Ehemaliger griechischer Ministerpräsident Papandreou: 'Türkisch-griechische Freundschaft kann Stabilität in die Region bringen'
Der ehemalige griechische Ministerpräsident Giorgos Papandreou erklärte, dass die freundschaftlichen Beziehungen zwischen der Türkei und Griechenland ein Stabilitätsfaktor für die nahe Region sein könnten und dies auch sein sollten.
Papandreou bewertete die türkisch-griechischen Beziehungen in einem Artikel, den er für die Zeitung Kathimerini verfasste.
Papandreou wies darauf hin, dass die Zusammenarbeit und der Dialog zwischen den beiden Ländern neue politische Dimensionen gewonnen hätten, und erklärte: "Die türkisch-griechische (Freundschafts-)Beziehung kann und muss zu einem Stabilitätsfaktor für die nahe Region werden."
Papandreou erinnerte an die Schritte zur Freundschaft, die er während seiner Amtszeit als Außenminister gemeinsam mit dem ehemaligen Außenminister İsmail Cem unternommen hatte, und daran, dass sie gemeinsam mit Cem den damaligen israelischen Ministerpräsidenten Ariel Scharon und den palästinensischen Führer Jassir Arafat besucht hatten.

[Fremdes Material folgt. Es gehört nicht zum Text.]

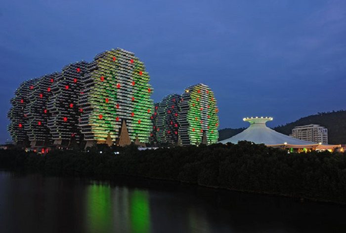 Одним из самых популярных мест отдыха в прибрежном Китае является город Санья. В этом живописном месте находится гостиничный комплекс в виде гигантских деревьев, будто собранных из кубиков Lego. Фантастический ансамбль не просто украшает горизонт Саньи, он является самым крупным отелем мира, который может предложить почти 7 тысяч комфортабельных номеров и массу незабываемых впечатлений.

Papandreou merkte an, dass seit jenem Tag Dutzende bilaterale Abkommen in den Bereichen Migration, Energie, Verkehr, Wirtschaft und Kultur unterzeichnet wurden, und schrieb: "Im Mai 2010 empfing ich meinen damaligen Amtskollegen Recep Tayyip Erdoğan in Athen zur ersten Sitzung des Kooperationsrates auf hoher Ebene (YDİK) zwischen der Türkei und Griechenland. Wir arbeiteten an einer neuen Kooperationsbeziehung."
Papandreou fuhr fort:
"Athen wird am 7. Dezember, sieben Jahre nach dem letzten YDİK-Treffen, (Präsident) Recep Tayyip Erdoğan erneut zu einer YDİK-Sitzung empfangen.
Wie damals gibt es auch heute wieder die Hoffnung, eine Beziehung zwischen den beiden Ländern aufzubauen, die letztlich einen dauerhaften Frieden ermöglichen wird."
Papandreou erklärte, dass von solchen Besuchen nicht sofort Lösungen erwartet werden könnten, betonte jedoch, "basierend auf seinen Erfahrungen, dass der Dialog sehr viele positive Ergebnisse hervorbringe".
Papandreou bewertete: "Der Dialog hilft dabei, die tatsächlichen Probleme zu identifizieren und unrealistische Einschätzungen zu vermeiden, die von gesellschaftlichen Ausbrüchen beeinflusst sind; er ermöglicht das Verständnis echter Ängste sowie die Bestimmung gemeinsamer nationaler und geopolitischer Interessen."
Papandreou betonte, dass gegenseitiger Respekt eine Grundvoraussetzung sei, und fügte in seinem Artikel hinzu: "In der Außenpolitik ist es leicht zu zerstören, aber schwer aufzubauen."